> [ASSIGNMENT]
Starting at the line that contains "Dresy z linii", write out every line through the end of the records exactly as it stands, and leave out all pictures.

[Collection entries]
_____

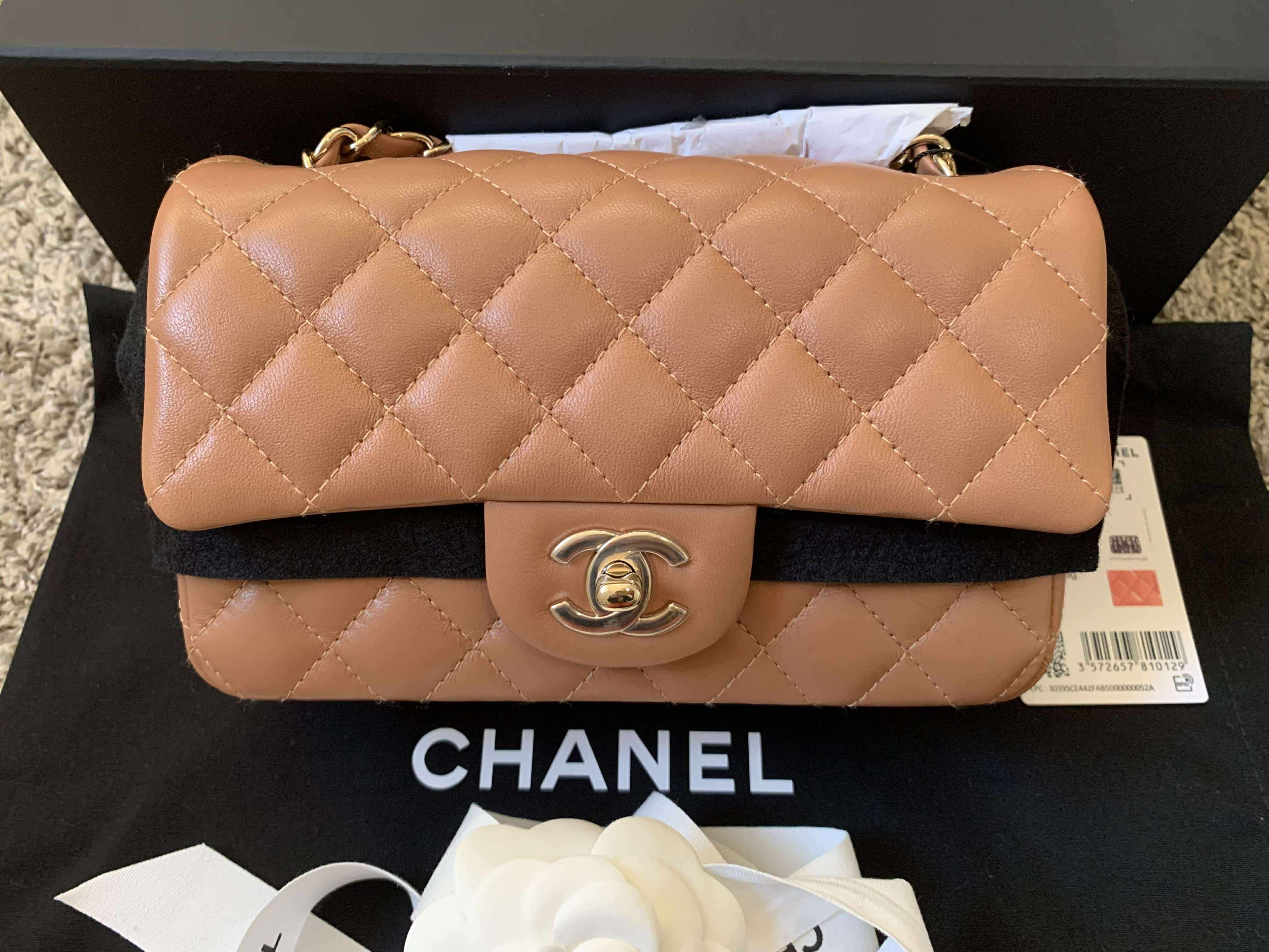 The CHANEL Classic Mini Rectangular Flap 22S in Caramel Quilted Lambskin effortlessly combines elegance and timeless sophistication. Crafted from luxurious lambskin leather, this exquisite bag features a rich caramel hue that perfectly complements the light gold hardware.
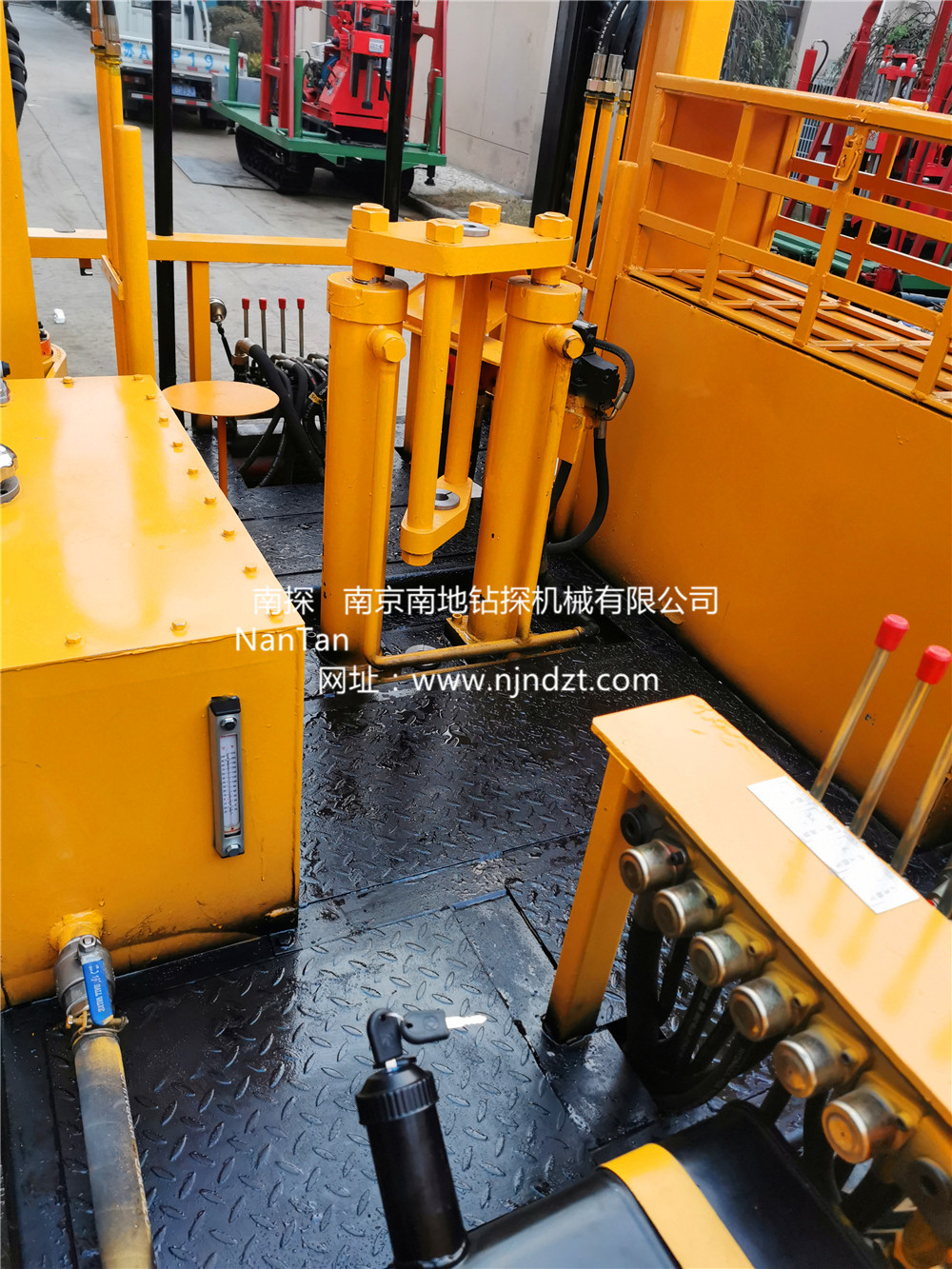 NTLPSY-L8-20T-SG型履帶靜力觸探車由自行走履帶底盤、1臺四缸柴油機、20T液壓靜探機、自動伸縮式升高型上下車液壓支撐腿系統(tǒng)、2組液壓下錨機、控制器、平臺及駕駛機構(gòu)等組成,共同組裝在一個機架上。
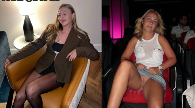 Amanda Anisimova shows off her vagina in public, looks like a legit teaser. Her breasts are great, her legs are sexy, she knows how to tease her audience.
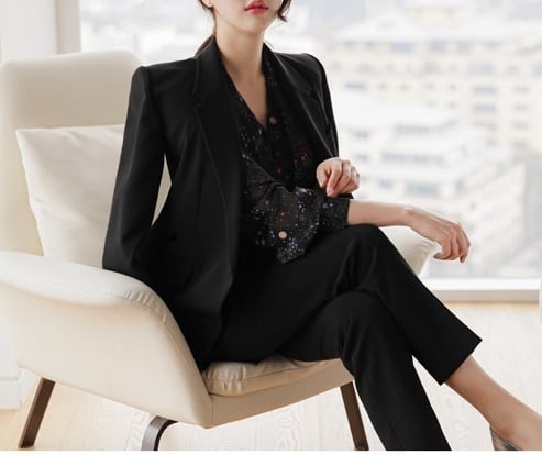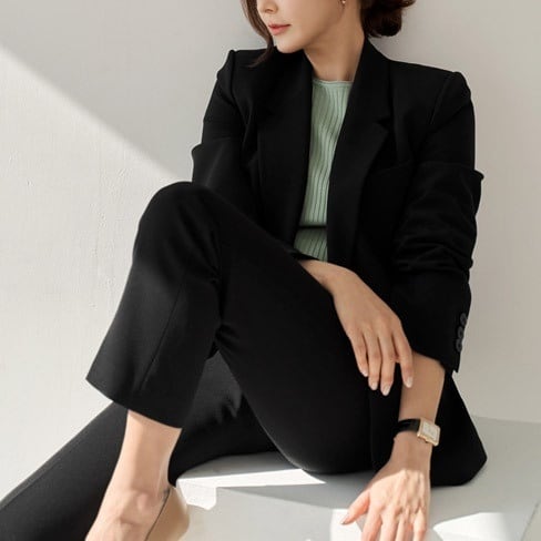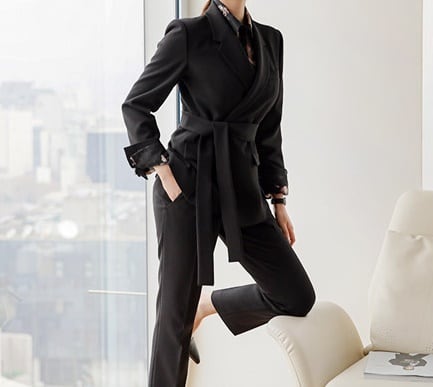 メリハリのあるウエストマーク仕立てのレトロなパンツスーツセットです。
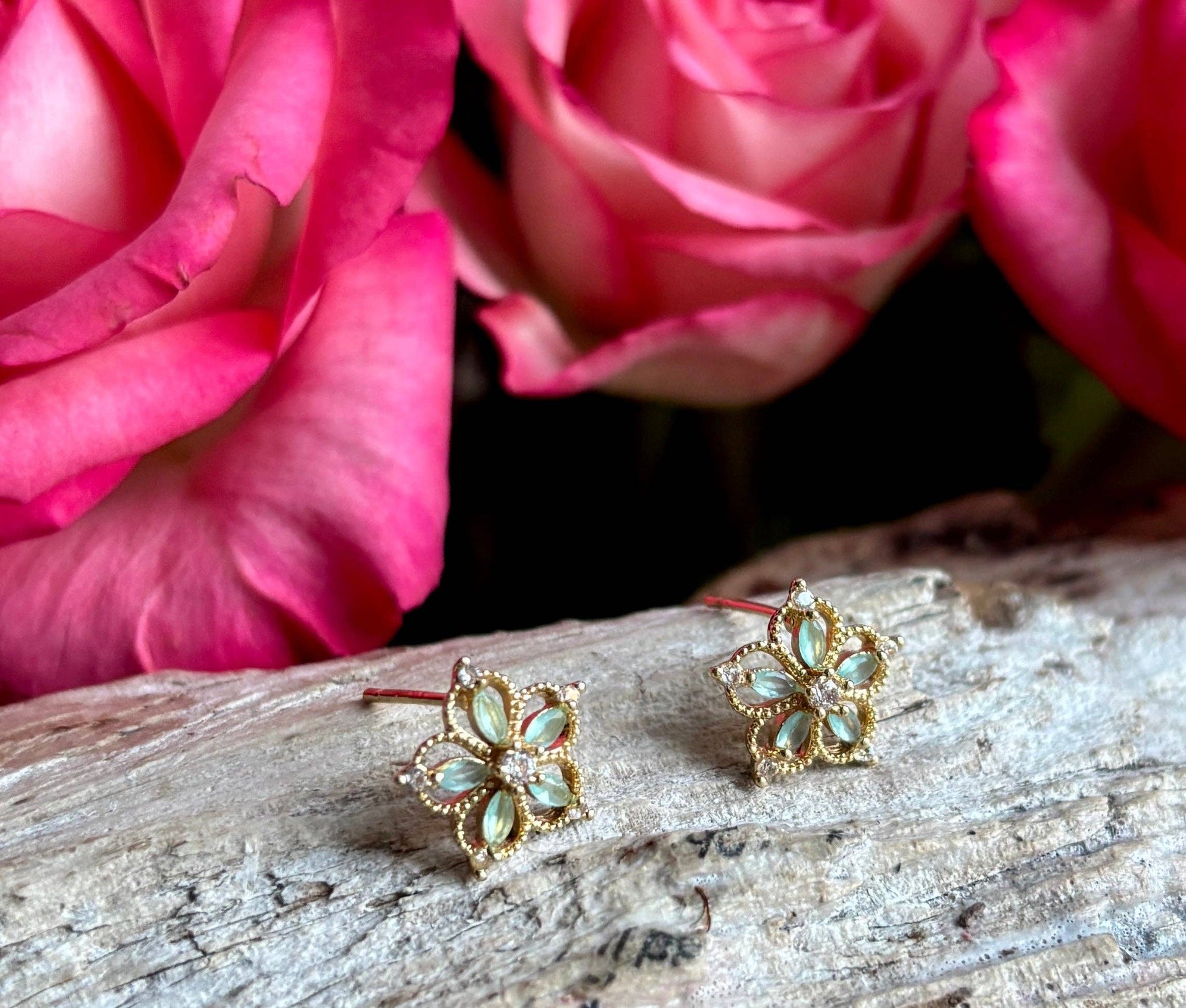 14ct Gold Plated Cubic Zirconia Green Petal Flower Earrings OR56
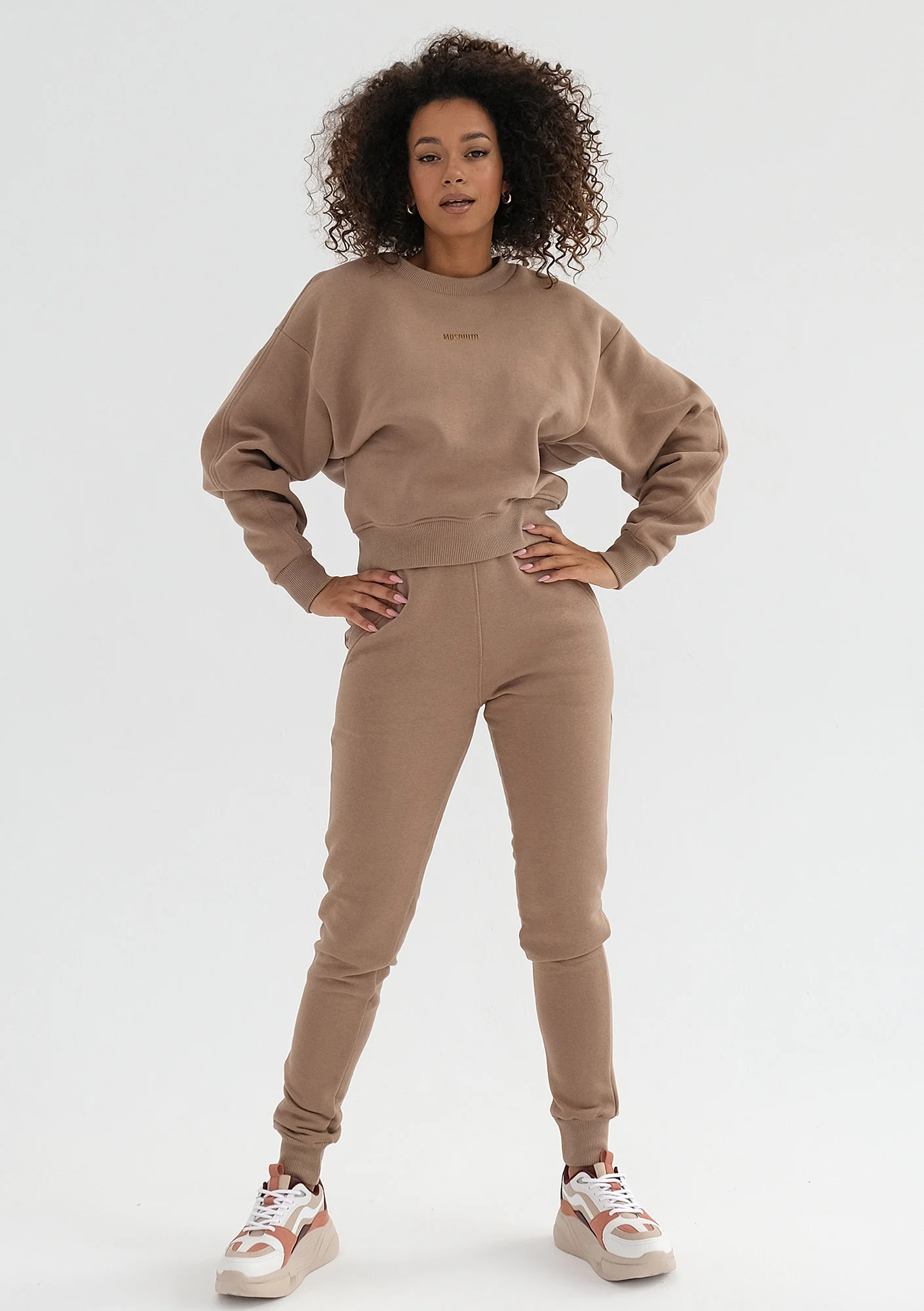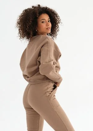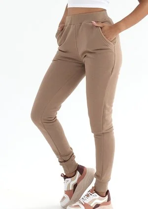 Dresy z linii Venice delikatnie przylegają do ciała, a dodatkowo dość szeroki ściągacz w pasie pozwala zaakcentować talię, co sprzyja uwypukleniu atutów sylwetki. Krój jest lekko luźny, z dwoma wykończonymi w estetyczny sposób kieszeniami, a kolorystyka nadaje produktowi uniwersalnego charakteru. Spodnie damskie o odcieniu kawy z mlekiem mogą stanowić podstawę wielu stylizacji. W komplecie z bluzą stworzą swobodny, sportowy look, natomiast akcesoria w postaci wyrazistej biżuterii i gustownej torebki nadadzą całości bardziej elegancką formę.
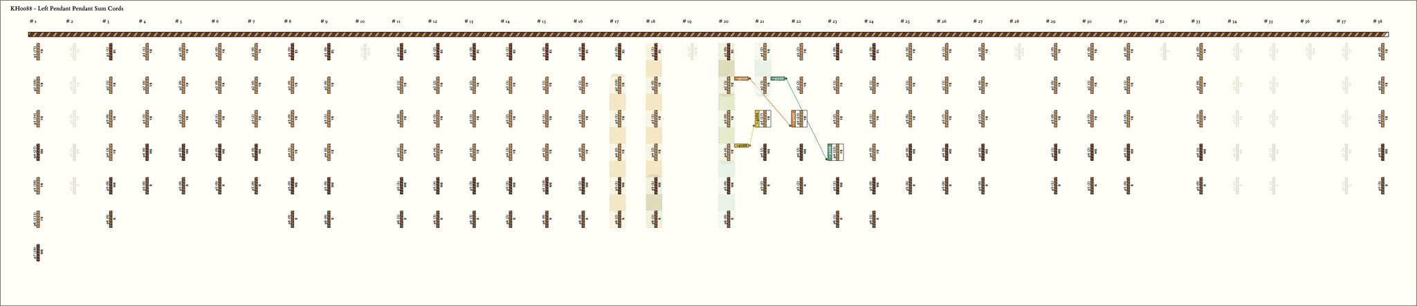 - By spacing, color pattern, and markers 1, 2, 3, the khipu is separated into 5 parts: Part I consists of 1 group of 7 pendants and Parts II, III, IV, Veach consist of 8 groups of 5 or 6 pendants each.
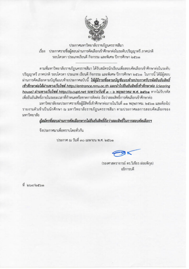 และต้องไปรายงานตัวเข้าเป็นนักศึกษา ณ มหาวิทยาลัยราชภัฏนครราชสีมา ตามประกาศผลการสอบคัดเลือกของมหาวิทยาลัย
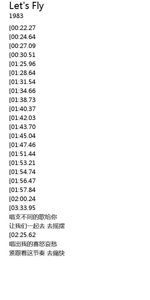 | [02:12.58][02:25.62] | Let’s Fly Oh.... |
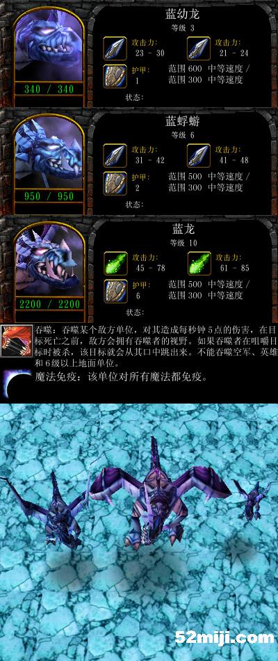 蓝幼龙:对地攻击力比红龙低2点,对空低4点,生命值少60,但是重甲。
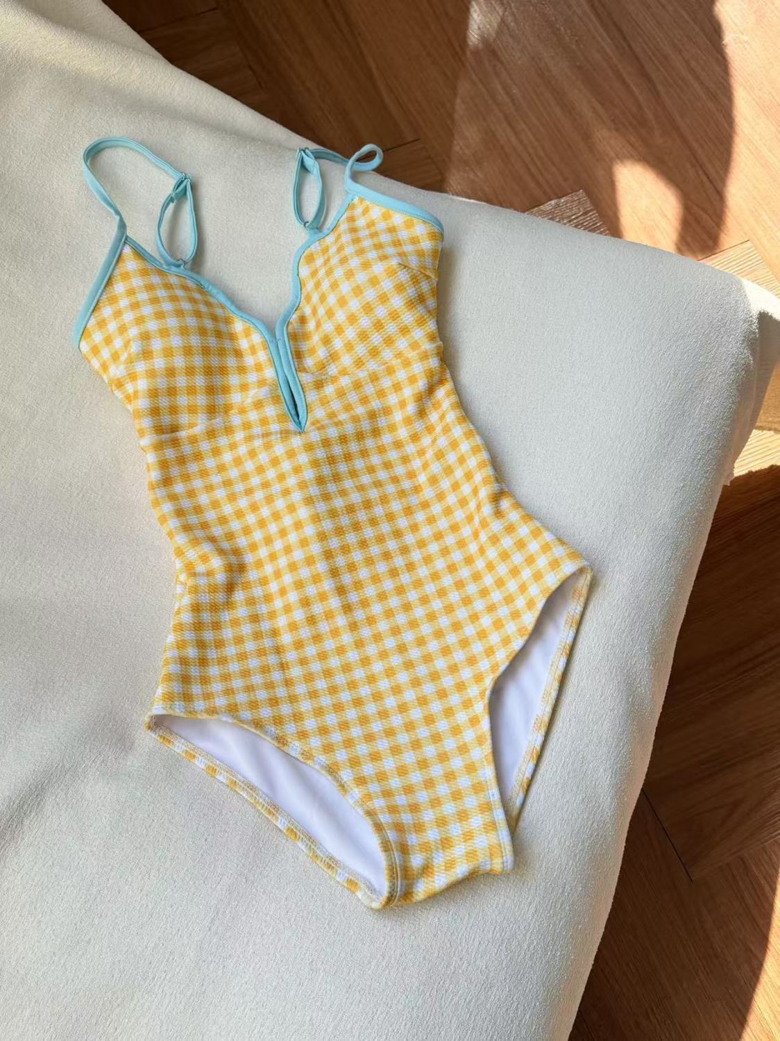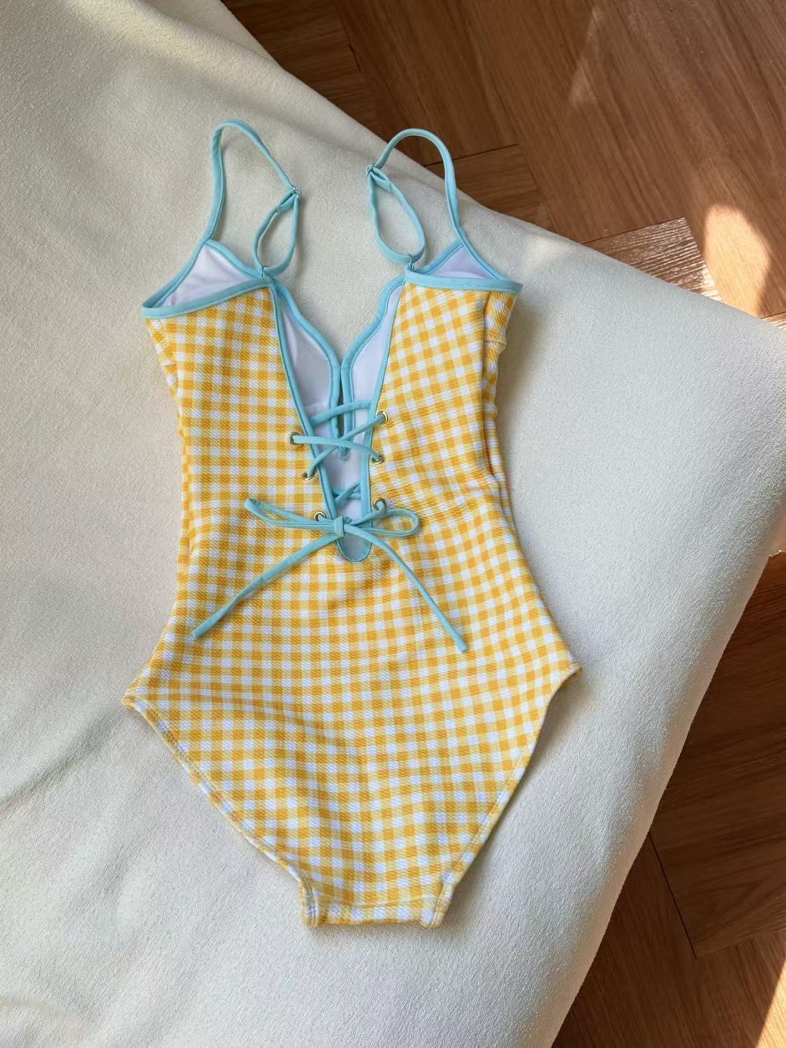 고급스럽고 상큼하고 순수한 소녀의 노란색과 파란색 격자 무늬 원피스 수영복 여성용 두 조각 세트로 살을 커버하고 슬림하게 보이게 하며 온천을 보여줍니다.

_____

> [SOLUTION TO THIS PROBLEM]
 Dresy z linii Venice delikatnie przylegają do ciała, a dodatkowo dość szeroki ściągacz w pasie pozwala zaakcentować talię, co sprzyja uwypukleniu atutów sylwetki. Krój jest lekko luźny, z dwoma wykończonymi w estetyczny sposób kieszeniami, a kolorystyka nadaje produktowi uniwersalnego charakteru. Spodnie damskie o odcieniu kawy z mlekiem mogą stanowić podstawę wielu stylizacji. W komplecie z bluzą stworzą swobodny, sportowy look, natomiast akcesoria w postaci wyrazistej biżuterii i gustownej torebki nadadzą całości bardziej elegancką formę.
 - By spacing, color pattern, and markers 1, 2, 3, the khipu is separated into 5 parts: Part I consists of 1 group of 7 pendants and Parts II, III, IV, Veach consist of 8 groups of 5 or 6 pendants each.
 และต้องไปรายงานตัวเข้าเป็นนักศึกษา ณ มหาวิทยาลัยราชภัฏนครราชสีมา ตามประกาศผลการสอบคัดเลือกของมหาวิทยาลัย
 | [02:12.58][02:25.62] | Let’s Fly Oh.... |
 蓝幼龙:对地攻击力比红龙低2点,对空低4点,生命值少60,但是重甲。
 고급스럽고 상큼하고 순수한 소녀의 노란색과 파란색 격자 무늬 원피스 수영복 여성용 두 조각 세트로 살을 커버하고 슬림하게 보이게 하며 온천을 보여줍니다.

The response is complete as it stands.